- **The problem**: Go to the line below containing "Caractéristiques détaillées : Peinture" and print exactly from there through the line containing "Fires Workers for", both included. Print nothing else.

- **Source data**:
= = = = =

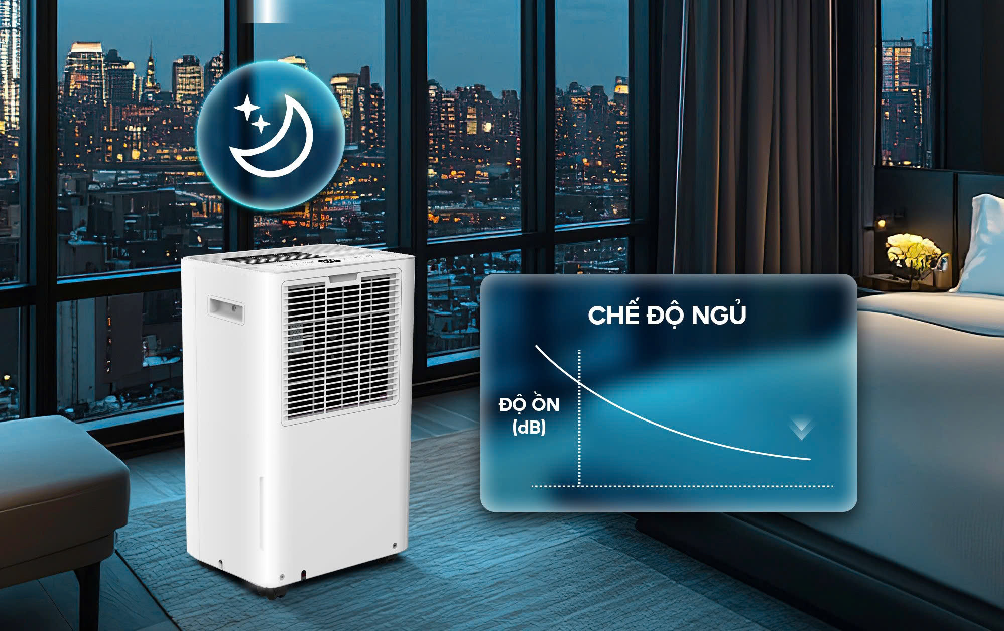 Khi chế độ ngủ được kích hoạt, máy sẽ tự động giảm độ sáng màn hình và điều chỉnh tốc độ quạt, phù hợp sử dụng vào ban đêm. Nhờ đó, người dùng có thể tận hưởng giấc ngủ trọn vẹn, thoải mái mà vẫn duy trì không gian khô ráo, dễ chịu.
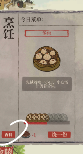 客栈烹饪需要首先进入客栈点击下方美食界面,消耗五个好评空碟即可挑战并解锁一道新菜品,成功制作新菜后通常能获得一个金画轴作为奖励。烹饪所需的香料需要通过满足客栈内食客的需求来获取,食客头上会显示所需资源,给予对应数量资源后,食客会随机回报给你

= = = = =

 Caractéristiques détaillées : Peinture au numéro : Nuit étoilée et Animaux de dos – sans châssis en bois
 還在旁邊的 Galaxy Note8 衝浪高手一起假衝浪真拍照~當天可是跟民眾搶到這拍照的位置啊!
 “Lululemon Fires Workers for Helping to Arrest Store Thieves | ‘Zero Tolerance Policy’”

= = = = =

- **Response**:
 Caractéristiques détaillées : Peinture au numéro : Nuit étoilée et Animaux de dos – sans châssis en bois
 還在旁邊的 Galaxy Note8 衝浪高手一起假衝浪真拍照~當天可是跟民眾搶到這拍照的位置啊!
 “Lululemon Fires Workers for Helping to Arrest Store Thieves | ‘Zero Tolerance Policy’”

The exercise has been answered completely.